Some filtering cases:

  • Is the creation date between 2013-2014?
  • Is the status field published?
  • Is the lat_lon field within 10km of a certain coordinate?

2. The difference between filtered and filter in es

1. bool and filtered

1.1 Description
After the es 5.0 update, the filtered query will be replaced by bool query.

filtered is an older version of the syntax. Now it has been replaced by bool. It is recommended to use bool.

https://www.elastic.co/guide/en/elasticsearch/reference/5.0/query-dsl-filtered-query.html

1.2 Example usage
The old version of the wording, using the old version of the wording in es8 reports an error.

GET_search
{
  "query": {
    "filtered": {
      "query": {
        "match": {
          "text": "quick brown fox"
        }
      },
      "filter": {
        "term": {
          "status": "published"
        }
      }
    }
  }
}

The new version of the wording

GET_search
{
  "query": {
    "bool": {
      "must": {
        "match": {
          "text": "quick brown fox"
        }
      },
      "filter": {
        "term": {
          "status": "published"
        }
      }
    }
  }
}

2. Two usages of filter

nested under bool

{
    "query":{
        "bool":{
            "must":{
                "term":{
                    "term":{
                        "title":"kitchen3"
                    }
                }
            },
            "filter":{
                "term":{
                    "price": 1000
                }
            }
        }
    }
}

In the root directory use

{
    "query":{
        "term":{
            "title":"kitchen3"
        }
    },
    "filter":{
        "term":{
            "price": 1000
        }
    }
}

the difference

3. Advanced search keywords

(Filter DSL part)

1.term filter

term is mainly used to precisely match which values, such as numbers, dates, boolean values or not_analyzed strings (unanalyzed text data types):

{ "term": { "age": 26 }}
{ "term": { "date": "2014-09-01" }}
{ "term": { "public": true }}
{ "term": { "tag": "full_text" }}

For a complete example, the hostname field is completely matched to the data of saaap.wangpos.com:

{
  "query": {
    "term": {
      "hostname": "saaap.wangpos.com"
    }
  }
}

2.terms filter

terms are somewhat similar to terms, but terms allow multiple matching conditions to be specified.
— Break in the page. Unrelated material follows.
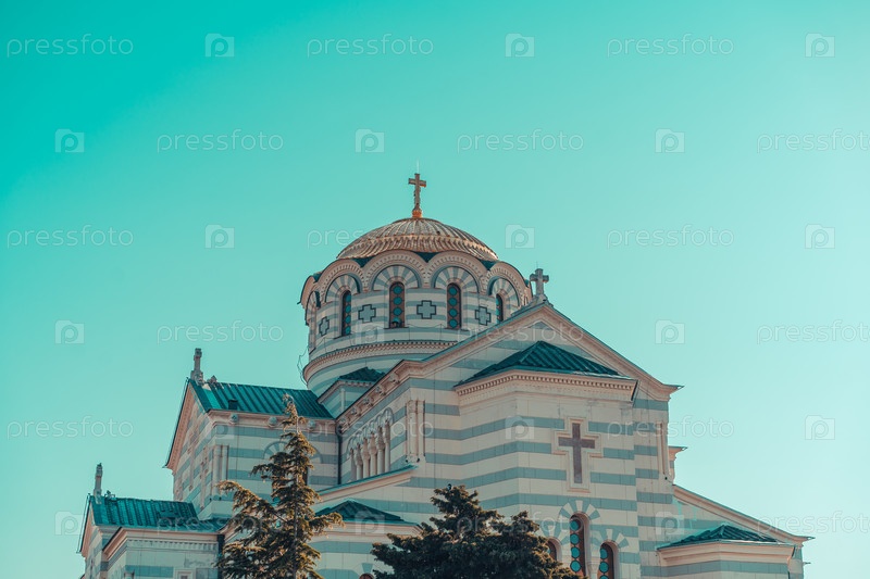 Севастополь Крым. Владимирский собор в Херсонесе. Весенний Херсонес и его главный храм. Достопримечательности Крыма

If a field specifies multiple values, the documents need to be matched together:

{
    "terms": {
        "tag": [ "search", "full_text", "nosql" ]
        }
}

For a complete example, all http statuses are 302 and 304. Since the status in ES is a numeric field, we can directly write it like this here. :

{
  "query": {
    "terms": {
      "status": [
        304,
        302
      ]
    }
  }
}

3.range filter

Range filtering allows us to find a batch of data according to a specified range:

{
    "range": {
        "age": {
            "gte": 20,
            "lt": 30
        }
    }
}

Range operators include:

gt:: greater than
gte:: greater than or equal to
lt:: less than
lte:: less than or equal to
A complete example, requesting data that takes more than 1 second on the page, upstream_response_time is the time spent in the nginx log, and it is a numeric type in ES.

{
  "query": {
    "range": {
      "upstream_response_time": {
        "gt": 1
      }
    }
  }
}

4.exists and missing filter

The exists and missing filters can be used to find out whether a document contains a specified field or does not have a certain field, similar to the IS_NULL condition in an SQL statement.

{
    "exists": {
        "field": "title"
    }
} 

These two filters are only used when a batch of data has been detected, but when you want to distinguish whether a certain field exists.

5.bool filter

bool filter can be Boolean logic used to combine multiple filter condition query results, it contains the following operators:

must :: Exact match of multiple query conditions, equivalent to and.
must_not :: The opposite match of multiple query conditions, equivalent to not.
should :: at least one query condition matches, equivalent to or.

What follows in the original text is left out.